To force the hourly bins in the previous example to run from 30 minutes past the hour, use the --start-epoch switch:
rwfilter ...| \
rwcount --bin-size=3600 --start-epoch=2002/12/31:23:30
ENVIRONMENT
- SILK_PAGER
- When set to a non-empty string, rwcount automatically invokes this program to display its output a screen at a time.

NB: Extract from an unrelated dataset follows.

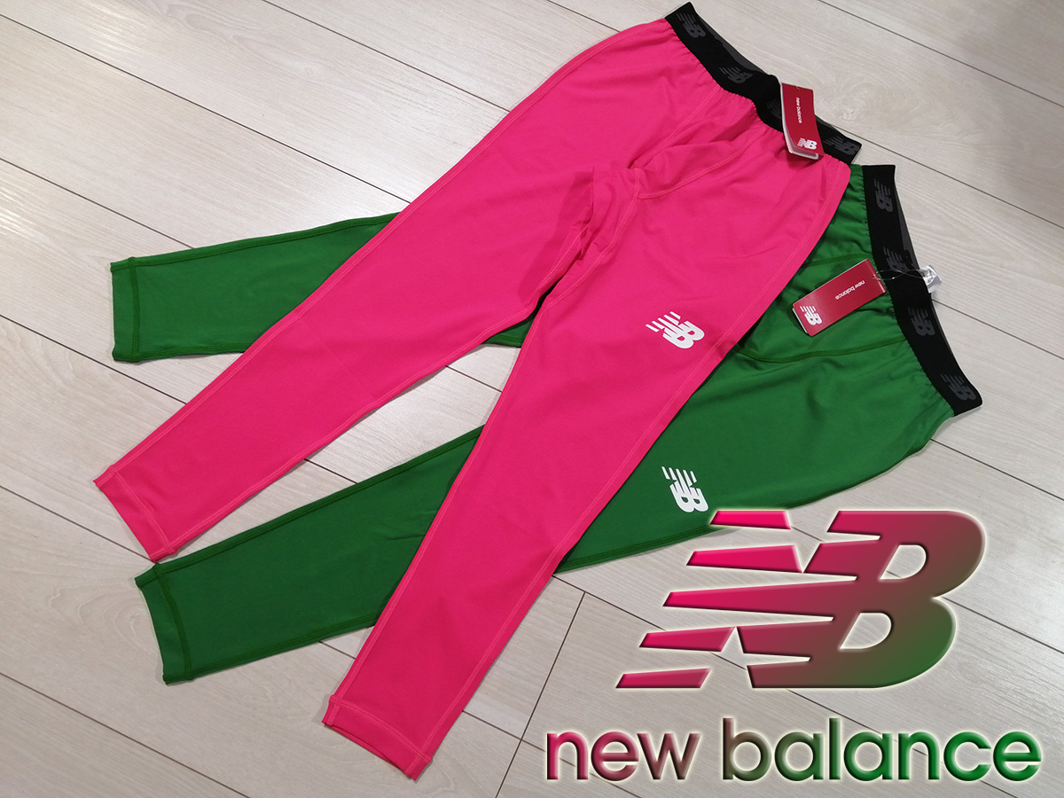 ◇新品 ニューバランス NewBalance ロングタイツ スパッツ 2枚セット メンズ M ネオンピンク グリーン 定価9,460円 速乾 レギンス 收藏

If set to an empty string, rwcount does not automatically page its output.
- PAGER
- When set and SILK_PAGER is not set, rwcount automatically invokes this program to display its output a screen at a time.
- SILK_CONFIG_FILE
- This environment variable is used as the value for the --site-config-file when that switch is not provided.
- SILK_DATA_ROOTDIR
- When the --site-config-file switch is not provided and the SILK_CONFIG_FILE environment variable is not set, rwcount looks for the site configuration file in $SILK_DATA_ROOTDIR/silk.conf.
- SILK_PATH
- This environment variable gives the root of the install tree. As part of its search for the SiLK site configuration file, rwcount checks for a file named silk.conf in the directories $SILK_PATH/share/silk and $SILK_PATH/share.
SEE ALSO
BUGS
rwuniq(1)'s --bin-time switch can do time-binning similar to what rwcount supports, but rwuniq cannot divide a SiLK record among multiple bins, i.e., there is no support for a --load-factor type switch. Such a feature could greatly increase rwuniq's already large memory requirements.